╭─ MATERIAL PROVIDED

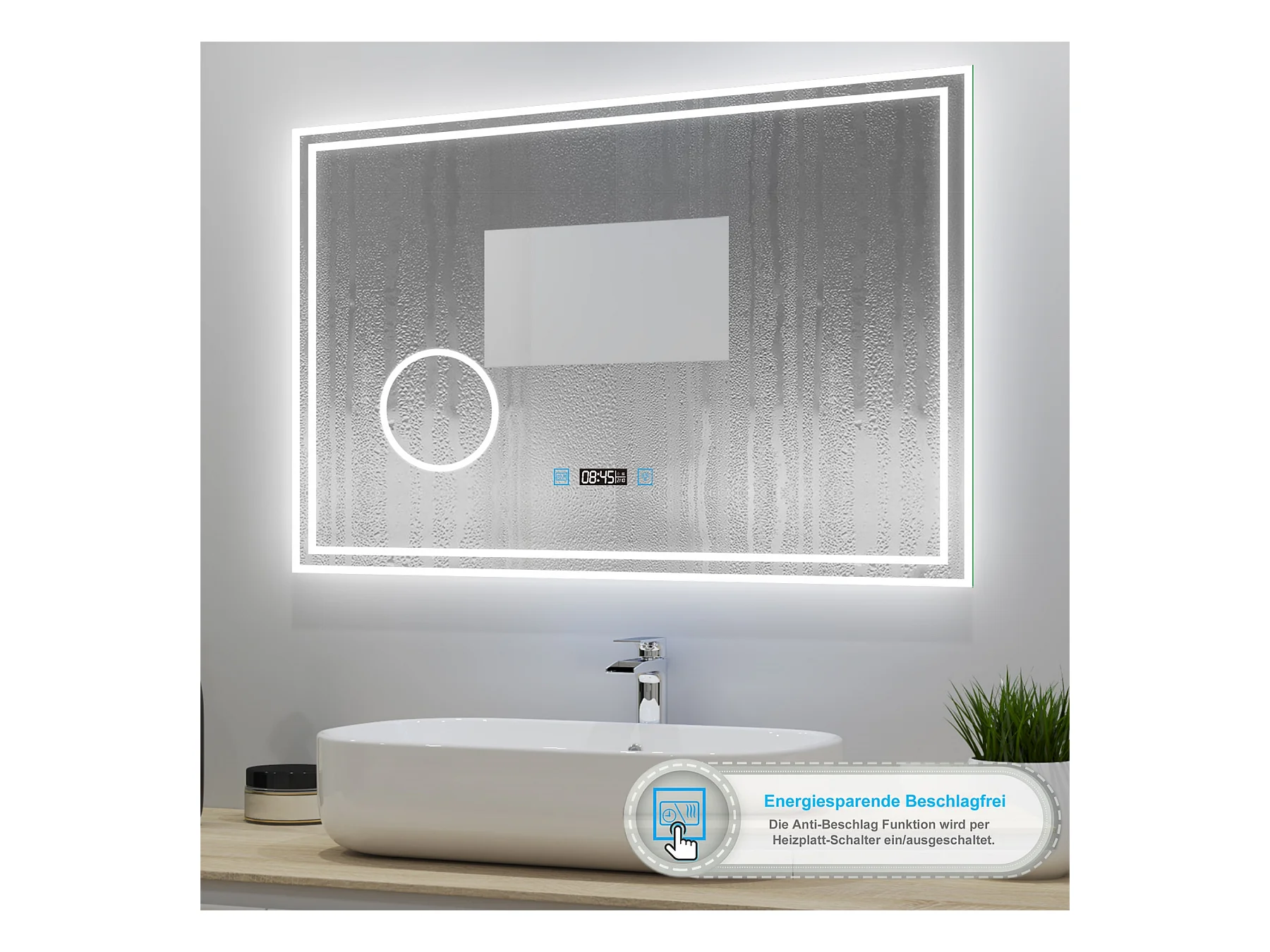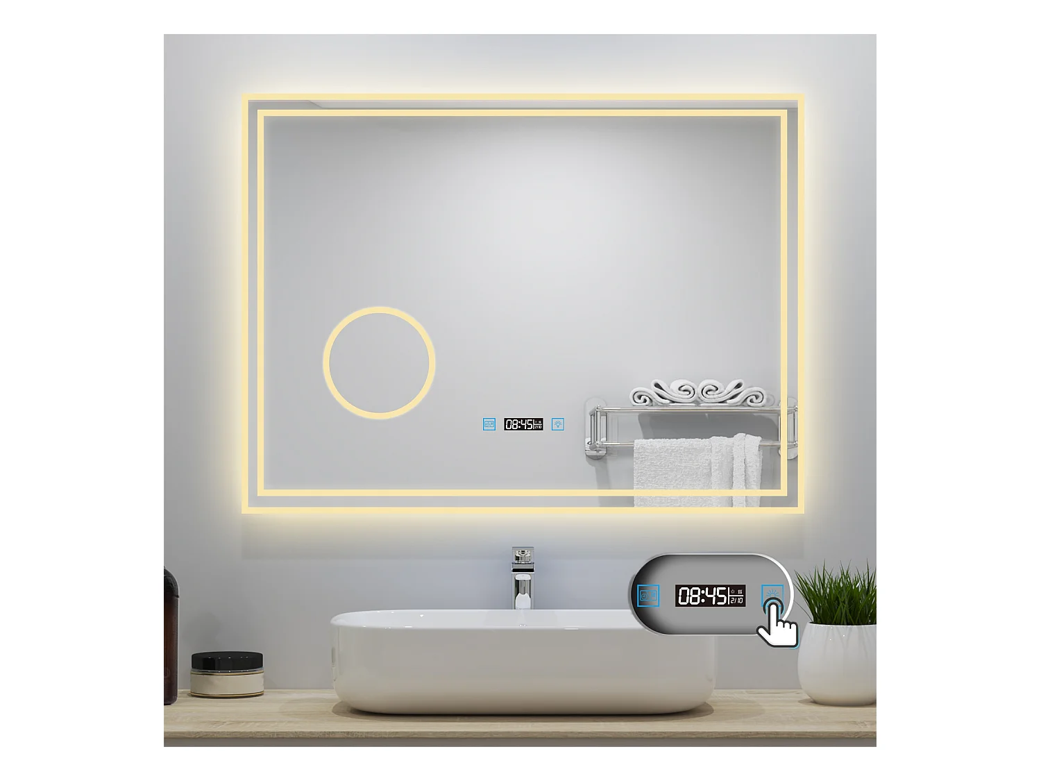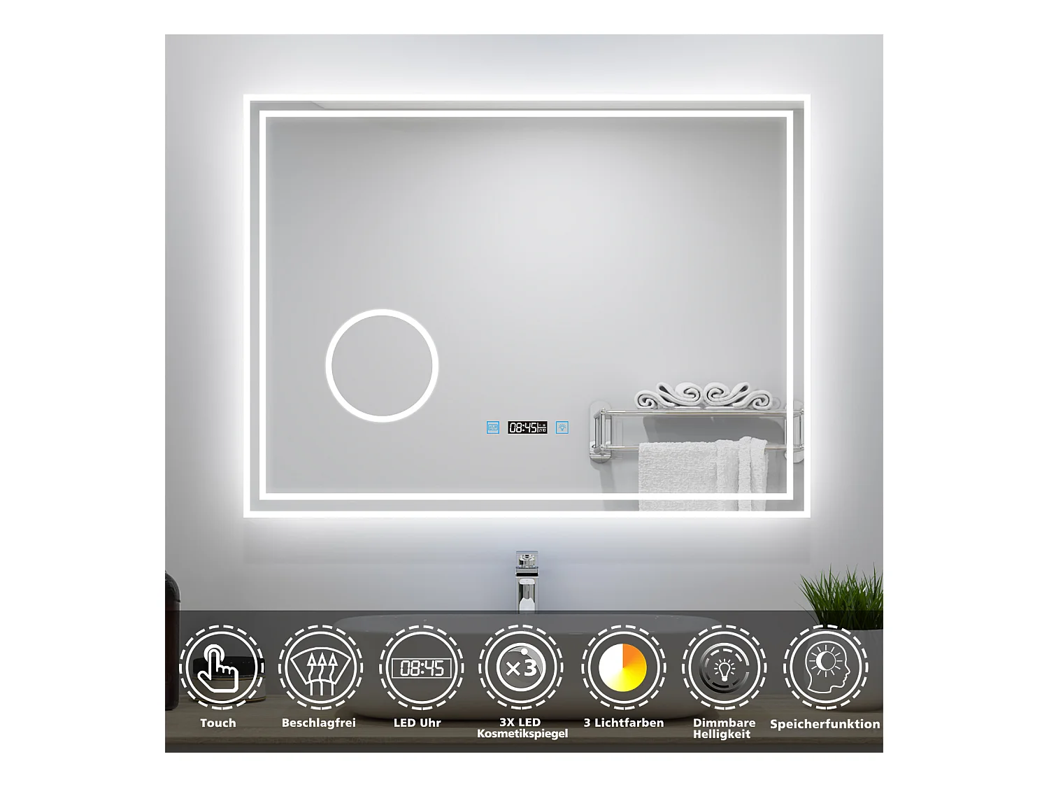 AICA Badezimmerspiegel mit LED-Beleuchtung 80x60cm Uhr Kosmetikspiegel 3 Lichtfarbe+Dimmbar Beschlagfrei Memory-Funktion
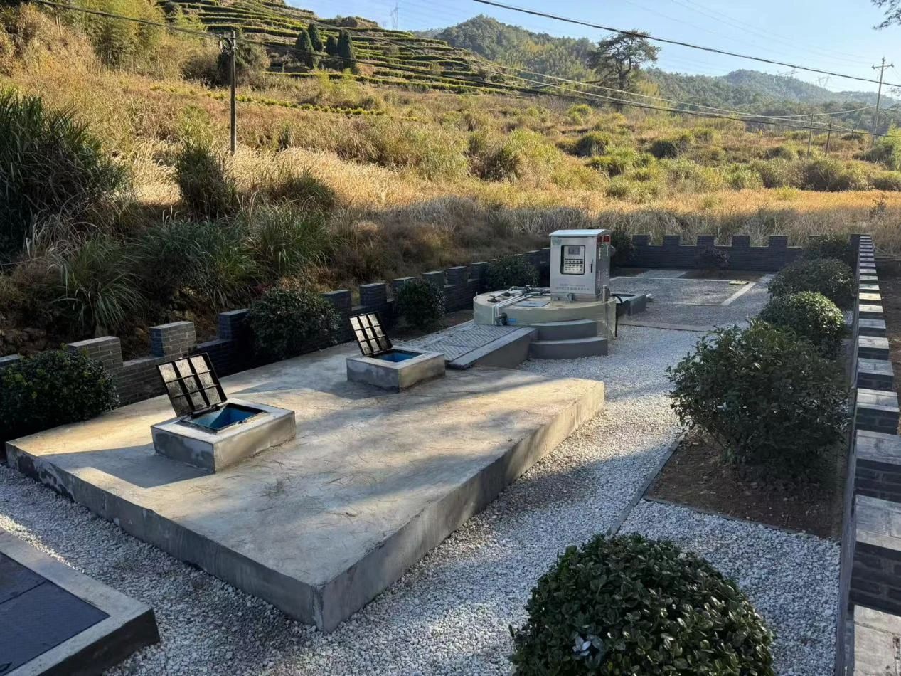浙江省麗水市景寧畬族自治縣景寧縣深垟村的農村生活污水處理30噸/天,核心工藝是采用MABR透氧膜將氧氣傳遞至附著生長的生物膜,實現同步硝化反硝化,去除有機物降低氨氮,出水導入二沉池進行泥水分離,分離后的上清液經過紫外線消毒殺滅病菌微生物后流入人工濕地,在人工濕地微生物及植物吸收的作用下進一步脫氮除磷,最后達標排入周邊水體,出水達到《農村生活污水集中處理設施水污染物排放標準》(DB33973-2021)?中的二級標準,目前已順利通過項目竣工驗收。
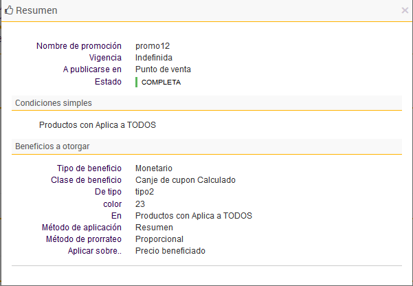 - La promoción Reportara participantes, por lo que el motor informara al punto de venta que elementos de la transacción ovacionaron la aplicación del beneficio.
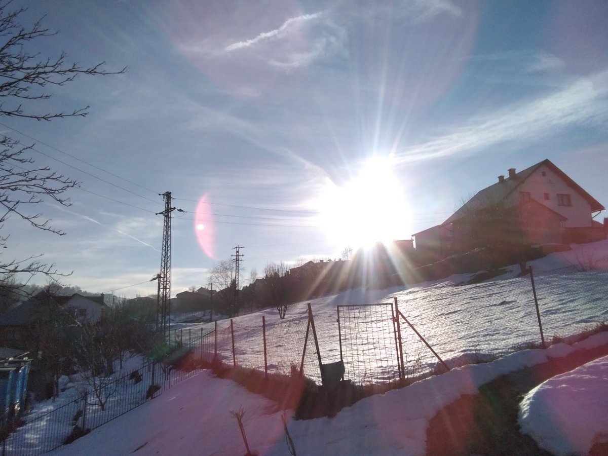 Od včerejšího odpoledne trvající skoro jasno, ranní mrazík, bezvětří, po obloze spíše než oblačnost rozpadající se kondenz z letadel...
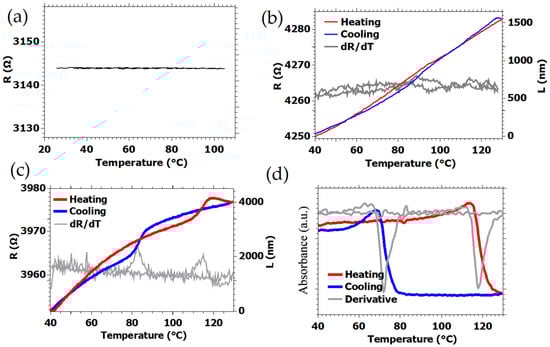 Actuating response upon heating and cooling of (a) an uncoated silicon micro-cantilever, (b) a microcantilever coated with a pure P(VDF-TrFE) film, and (c) a microcantilever coated with a [Fe(Htrz)2(trz)](BF4)@P(VDF-TrFE) composite film. In (b,c) both the measured static piezoresistance change (left axis) and the calculated tip deflection (right axis) are given and the derivative curves (dR/dT vs. T) are also plotted. (d) UV absorbance of a [Fe(Htrz)2(trz)](BF4)@P(VDF-TrFE) composite film recorded at 350 nm both for heating and cooling. The derivative curve (dA/dT vs. T) is also shown.

╰─

▶ [WORK ITEM] Where the line containing "浙江省麗水市景寧畬族自治縣景" appears in the data above, begin there and output every line through the last, exactly and without pictures.

▶ [SOLUTION FOR THIS EXERCISE]
浙江省麗水市景寧畬族自治縣景寧縣深垟村的農村生活污水處理30噸/天,核心工藝是采用MABR透氧膜將氧氣傳遞至附著生長的生物膜,實現同步硝化反硝化,去除有機物降低氨氮,出水導入二沉池進行泥水分離,分離后的上清液經過紫外線消毒殺滅病菌微生物后流入人工濕地,在人工濕地微生物及植物吸收的作用下進一步脫氮除磷,最后達標排入周邊水體,出水達到《農村生活污水集中處理設施水污染物排放標準》(DB33973-2021)?中的二級標準,目前已順利通過項目竣工驗收。
 - La promoción Reportara participantes, por lo que el motor informara al punto de venta que elementos de la transacción ovacionaron la aplicación del beneficio.
 Od včerejšího odpoledne trvající skoro jasno, ranní mrazík, bezvětří, po obloze spíše než oblačnost rozpadající se kondenz z letadel...
 Actuating response upon heating and cooling of (a) an uncoated silicon micro-cantilever, (b) a microcantilever coated with a pure P(VDF-TrFE) film, and (c) a microcantilever coated with a [Fe(Htrz)2(trz)](BF4)@P(VDF-TrFE) composite film. In (b,c) both the measured static piezoresistance change (left axis) and the calculated tip deflection (right axis) are given and the derivative curves (dR/dT vs. T) are also plotted. (d) UV absorbance of a [Fe(Htrz)2(trz)](BF4)@P(VDF-TrFE) composite film recorded at 350 nm both for heating and cooling. The derivative curve (dA/dT vs. T) is also shown.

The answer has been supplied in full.